If you are OK with higher response times and the functionality should be working, then you can keep max time as much as you want. But, practically, there will be the threshold to response times (like, 2 seconds to perform a login transaction), which you define as part of your performance SLA or performance baseline. So, though you are making your requests successful by increasing max time, eventually it is considered as failed request due to high response time (by crossing threshold values)
Note: Higher response times for DB operations eventually results in higher response times for web applications (or end users)
Should I stop testing and do not increase number of Threads if any error occur in some Report?
Same applies to error rates as well. If SLA says, some % error rate is agreed, then you can consider that the test is meeting SLA or performance baseline if the actual error rate is less that that. eg: If requirements says 0% error rate, then 0.1% is also considered as failed.
Is this stop for my testing?
You can stop the test at whatever the point you want. It is completely based on what metrics you want to capture. From my knowledge, It is suggested to continue the test, till it reaches a point where there is no point in continuing the test, like error rate reached 99% etc. If you are getting error rate as 0.6%, then I suggest to continue with the test, to know the breaking point of the system like server crash, response times reached to unacceptable values, memory issues etc.
Following are some good references:
https://www.nngroup.com/articles/response-times-3-important-limits/
http://calendar.perfplanet.com/2011/how-response-times-impact-business/
difference between baseline and benchmark in performance of an application
https://msdn.microsoft.com/en-us/library/ms190943.aspx
https://msdn.microsoft.com/en-us/library/bb924375.aspx
http://searchitchannel.techtarget.com/definition/service-level-agreement
This setting maps to DBCP -> BasicDataSource -> maxWaitMillis parameter, according to the documentation:
The maximum number of milliseconds that the pool will wait (when there are no available connections) for a connection to be returned before throwing an exception, or -1 to wait indefinitely
It should match the relevant setting of your application database configuration. If your goal is to determine the maximum performance - just put -1 there and the timeout will be disabled.

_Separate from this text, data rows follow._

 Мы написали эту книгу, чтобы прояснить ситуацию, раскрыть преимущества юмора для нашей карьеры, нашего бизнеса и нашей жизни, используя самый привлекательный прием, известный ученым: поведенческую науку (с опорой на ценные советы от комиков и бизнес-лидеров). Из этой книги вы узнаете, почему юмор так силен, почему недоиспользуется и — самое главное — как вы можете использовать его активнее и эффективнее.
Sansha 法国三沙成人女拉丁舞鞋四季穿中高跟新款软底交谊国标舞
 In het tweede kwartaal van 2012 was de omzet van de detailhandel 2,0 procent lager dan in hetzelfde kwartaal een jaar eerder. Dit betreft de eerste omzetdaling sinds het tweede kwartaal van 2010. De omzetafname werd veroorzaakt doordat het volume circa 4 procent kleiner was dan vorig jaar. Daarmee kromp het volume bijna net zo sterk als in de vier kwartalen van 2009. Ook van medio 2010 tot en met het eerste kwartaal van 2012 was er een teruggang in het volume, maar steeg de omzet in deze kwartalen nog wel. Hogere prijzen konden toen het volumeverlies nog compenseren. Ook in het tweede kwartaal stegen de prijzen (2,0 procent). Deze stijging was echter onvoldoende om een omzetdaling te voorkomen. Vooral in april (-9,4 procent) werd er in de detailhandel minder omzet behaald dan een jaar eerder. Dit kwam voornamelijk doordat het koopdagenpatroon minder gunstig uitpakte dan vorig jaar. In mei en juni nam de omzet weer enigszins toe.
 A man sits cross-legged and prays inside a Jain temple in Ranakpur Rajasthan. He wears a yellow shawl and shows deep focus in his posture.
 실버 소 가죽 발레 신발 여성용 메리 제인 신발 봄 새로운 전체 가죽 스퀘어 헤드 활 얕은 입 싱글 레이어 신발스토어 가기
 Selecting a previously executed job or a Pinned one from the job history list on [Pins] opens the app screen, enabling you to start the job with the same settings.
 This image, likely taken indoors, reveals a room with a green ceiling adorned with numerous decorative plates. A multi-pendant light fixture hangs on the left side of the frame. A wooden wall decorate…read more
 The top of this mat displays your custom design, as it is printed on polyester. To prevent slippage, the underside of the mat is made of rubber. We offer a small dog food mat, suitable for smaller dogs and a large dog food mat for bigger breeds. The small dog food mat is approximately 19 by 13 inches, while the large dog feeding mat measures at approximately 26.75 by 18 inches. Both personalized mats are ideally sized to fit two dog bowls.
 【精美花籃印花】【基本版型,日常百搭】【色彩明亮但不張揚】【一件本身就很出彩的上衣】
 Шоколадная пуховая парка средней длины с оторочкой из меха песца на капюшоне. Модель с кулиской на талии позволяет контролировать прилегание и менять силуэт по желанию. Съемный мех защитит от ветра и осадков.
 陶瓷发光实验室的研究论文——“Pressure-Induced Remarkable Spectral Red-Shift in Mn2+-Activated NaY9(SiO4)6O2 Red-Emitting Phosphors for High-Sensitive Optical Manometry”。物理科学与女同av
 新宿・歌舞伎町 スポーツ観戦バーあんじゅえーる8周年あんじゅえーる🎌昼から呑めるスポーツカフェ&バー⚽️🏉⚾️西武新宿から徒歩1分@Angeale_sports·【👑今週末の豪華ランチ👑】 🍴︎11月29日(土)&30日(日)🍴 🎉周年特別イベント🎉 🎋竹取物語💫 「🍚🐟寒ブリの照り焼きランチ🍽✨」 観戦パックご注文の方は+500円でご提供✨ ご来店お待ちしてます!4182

In regards to Is this stop for my testing? - it depends on multiple factors like what application is doing, what you are trying to achieve and what type of testing is being conducted. If you test database which orchestrates nuclear plant operation than zero error threshold is the only acceptable. And if this is a picture gallery of cats, this error level can be considered acceptable.
In majority of cases performance testing is divided into several test executions like:
Load Testing - putting the system under anticipated load to see if it capable to handle forecasted amount of users
Soak Testing - basically the same as Load Testing but keeping the load for a prolonged duration. This allows to detect e.g. memory leaks
Stress testing - determining boundaries of the application, saturation points, bottlenecks, etc. Starting from zero load and gradually increasing it until it breaks mentioning the maximum amount of users, correlation of other metrics like Response Time, Throughput, Error Rate, etc. with the increasing amount of users, checking whether application recovers when load gets back to normal, etc.
See Why ‘Normal’ Load Testing Isn’t Enough article for above testing types described in details.